**What to produce**. What's needed is the listing below, repeated word for word with no pictures.

**Information provided**.
....

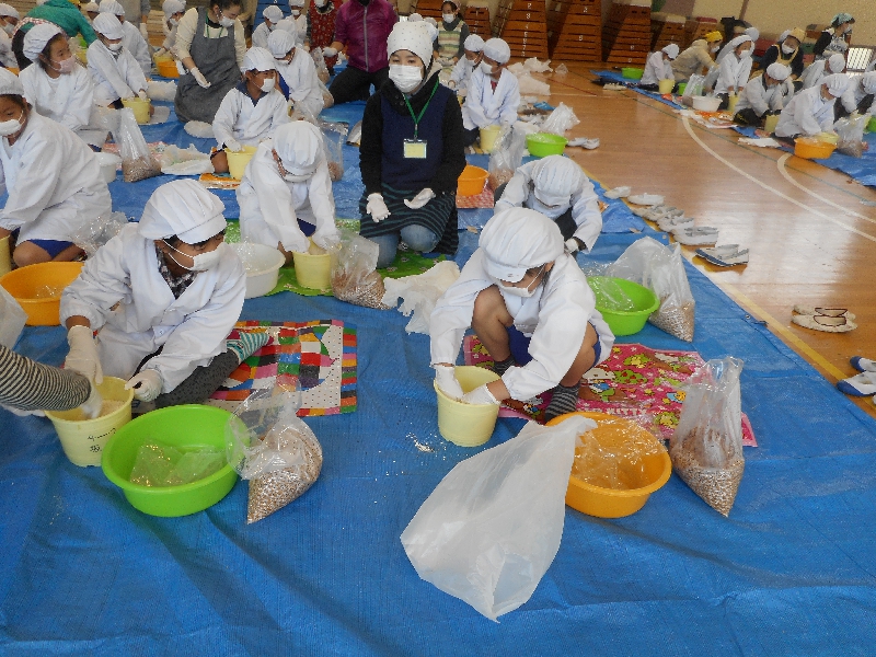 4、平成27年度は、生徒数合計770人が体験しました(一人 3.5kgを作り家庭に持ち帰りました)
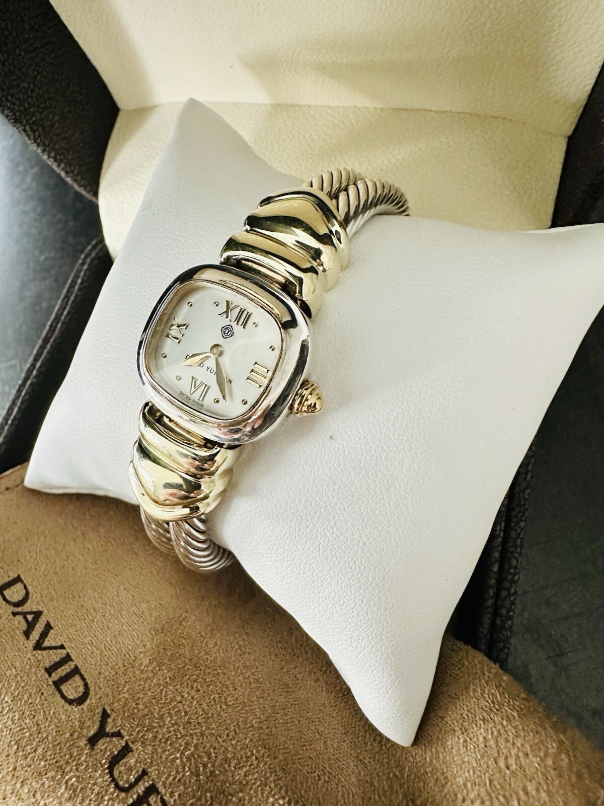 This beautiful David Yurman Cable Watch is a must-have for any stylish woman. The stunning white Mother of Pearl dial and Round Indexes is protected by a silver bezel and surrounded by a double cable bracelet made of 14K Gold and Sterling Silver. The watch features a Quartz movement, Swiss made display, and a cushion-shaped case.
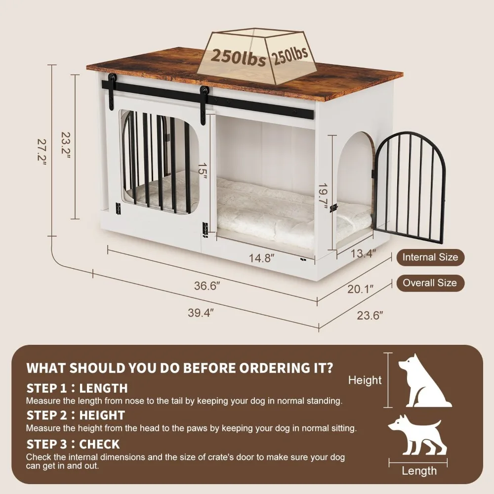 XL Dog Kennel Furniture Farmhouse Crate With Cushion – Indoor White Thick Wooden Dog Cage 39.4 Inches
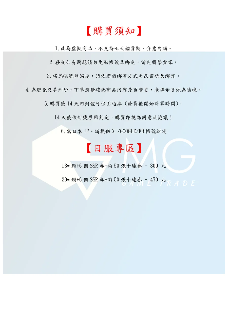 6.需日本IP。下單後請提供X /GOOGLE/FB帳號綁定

....

**Result of this task**.
 4、平成27年度は、生徒数合計770人が体験しました(一人 3.5kgを作り家庭に持ち帰りました)
 This beautiful David Yurman Cable Watch is a must-have for any stylish woman. The stunning white Mother of Pearl dial and Round Indexes is protected by a silver bezel and surrounded by a double cable bracelet made of 14K Gold and Sterling Silver. The watch features a Quartz movement, Swiss made display, and a cushion-shaped case.
 XL Dog Kennel Furniture Farmhouse Crate With Cushion – Indoor White Thick Wooden Dog Cage 39.4 Inches
 6.需日本IP。下單後請提供X /GOOGLE/FB帳號綁定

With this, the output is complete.